The germ of Tarski's construction of multiplication is the observation that the structure $\mathcal{R}_0=(\mathbb{R}; +, 1,<)$ is rigid (= has no nontrivial automorphisms). This gives us hope that multiplication is "definable" in $\mathcal{R}_0$ in some reasonable sense (although perhaps not via a first-order formula).
Moving to the "nonstandard" setting, our very first question should then be:
Is there a non-Archimedean field $\mathcal{F}=(F; +,\times,0,1,<)$ such that every automorphism of $\mathcal{F}_0=(F; +,1,<)$ be an automorphism of $\mathcal{F}$ itself?
The answer turns out to be no, and I think this is a strong negative result relevant to your question. Interestingly, however, this doesn't seem to be trivial! Here's the proof I see at the moment:
First, we need to give $\mathcal{F}$ a vector space structure over a "sufficiently rich" field. Let $\mathbb{A}$ be the poset of all Archimedean subfields of $\mathcal{F}$, ordered by inclusion. By Zorn's Lemma this has a maximal element; fix such a $K$.
(I recall there being a name for maximal Archimedean subfields of non-Archimedean fields, but I can't track it down at the moment; if I can find a reference, I'll add it later.)
$\mathcal{F}$ has a natural structure as a $K$-vector space (more generally, given any field inclusion $H_1\subseteq H_2$ there is a canonical way to view $H_2$ as a vector space over $H_1$), and as a $K$-vector space $\mathcal{F}$ has the following property:
For every finite $x\in\mathcal{F}$ there is exactly one $k\in K$ such that $x-k$ is infinitesimal.
The existence of at most one such $k$ follows since $K$ is Archimedean, while the existence of at least one such $k$ follows from the maximality of $K$ in $\mathbb{A}$. This property becomes relevant at the end of the proof: it's needed to show that a certain type of automorphism of the reduct $(F;+,1)$ can WLOG be assumed to respect the ordering $<$.
Next, we whip up a "near-miss" construction: a simple way of producing automorphisms of $(F;+,1)$ which do not respect the multiplicative structure. Showing that there exist automorphisms produced this way which also preserve the ordering will be our final step.

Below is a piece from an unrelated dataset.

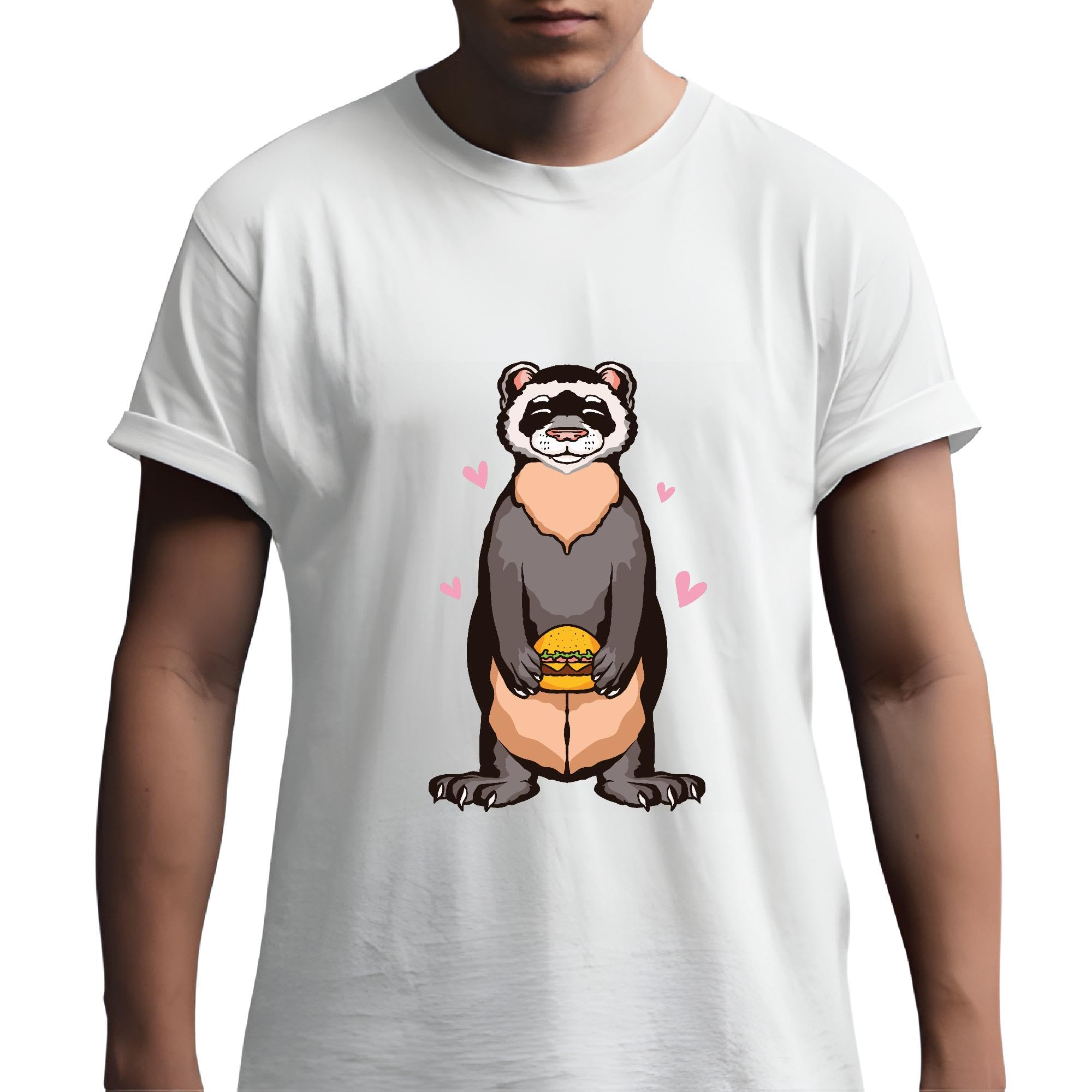 Wild Hamburger Ferret Gift for Kids and Adults Burger Holding Plush Toy Men Women White Gray Multicolor T shirt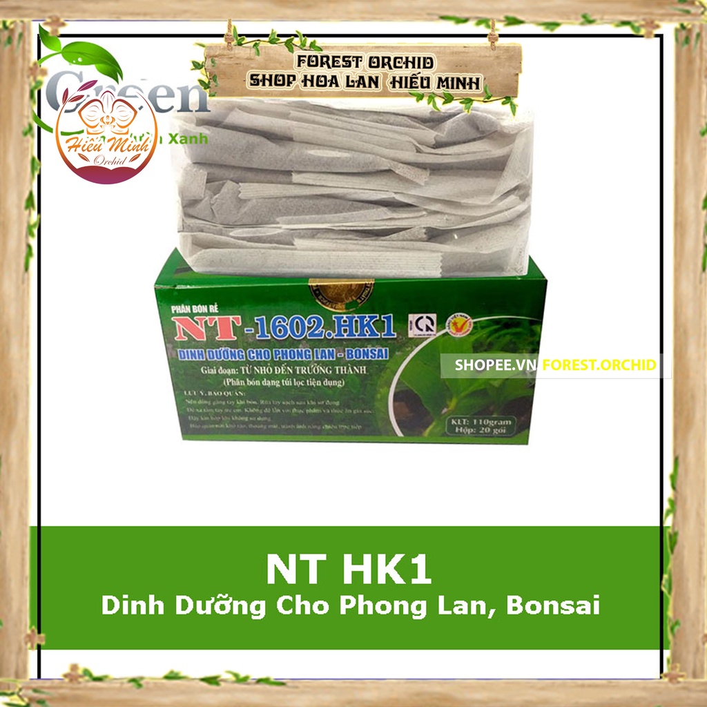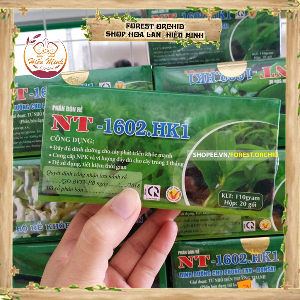 NT 1602-HK1 Dinh dưỡng cho Hoa Phong Lan, ( Hộp=20 túi nhỏ)Phân bón dinh dưỡng cho Lan HVP 1602.HK1 cung cấp chất dinh dưỡng đầy đủ hợp lý cho cây phát triển BỘ RỂ khỏe mạnh nhiều rể non. Dinh dưỡng cho Lan HVP 1602.HK1 được sử dụng cho Lan giai đoạn từ lúc bé tới lúc trưởng thành. Tiết kiệm thời gian chăm sóc, hiệu quả cao.

Fix a basis $B$ for $\mathcal{F}$ as a $K$-vector space such that $1\in B$. The map $\alpha_B:B\rightarrow F$ defined by $\alpha(b)=2b$ for $b\in B\setminus\{1\}$ and $\alpha(1)=1$ extends to an automorphism $\hat{\alpha}_B$ of $(F;0,+)$ as a $K$-vector space. Since $\hat{\alpha}_B(1)=1$, we have in fact that $\hat{\alpha}_B$ is an automorphism of $(F;+,1)$.
Now let's show that $\hat{\alpha}_B$ does not respect multiplication. Specifically, fixing $b\in B\setminus\{1\}$ let $b^2=\sum_{1\le i\le n} a_ib_i$ with $a_i\in K$, $b_i\in B$, $b_1=1$, and $b_2=b$. Note that I'm not demanding that the $a_i$s be nonzero; however, we must have $\sum_{2\le i\le n}a_ib_i\not=0$ since $b$ is nonstandard. We then have $$\hat{\alpha}_B(b^2)=a_1+2a_2b+..+2a_nb_n$$ but $$\hat{\alpha}_B(b)\hat{\alpha}_B(b)=2b\cdot 2b=4b^2=4a_1+4a_2b+...+4a_nb_n.$$ If $\hat{\alpha}_B$ is to respect multiplication, then these must be equal, which would give $$3a_1+2(a_2b+...+a_nb_n)=0.$$ The term $2(a_2b+...+a_nb_n)$ is nonzero and so nonstandard, per the observation at the end of the previous paragraph; since $3a_1$ is standard, this gives a contradiction.
Unfortunately, $\hat{\alpha}_B$ need not respect the ordering. To ensure that the ordering is respected we need a further condition on the original basis $B$:
Say that a basis $B$ for $\mathcal{F}$ as a $K$-vector space is good if $1\in B$ and no other element of $B$ is finite but non-infinitesimal.
It's easy to show that if $B$ is good then $\hat{\alpha}_B$ is order-preserving, so all that's left is to show that a good basis actually exists. It's at this point that the precise nature of $K$ is really used.
Per the property of $\mathcal{F}$ as a $K$-vector space mentioned two sections prior, let $st$ be the map sending each finite element of $\mathcal{F}$ to the unique element of $K$ to which it is infinitesimally close. Given any basis $B$ for $\mathcal{F}$ as a $K$-vector space let $$B'=\{b\in B: b=1\mbox{ or } b\mbox{ is infinite}\}\cup\{b-st(b): b\in B\mbox{ and }b\mbox{ is finite}\}.$$ It's easy to check that $B'$ is a good basis for $\mathcal{F}$ as a $K$-vector space, and so we're done.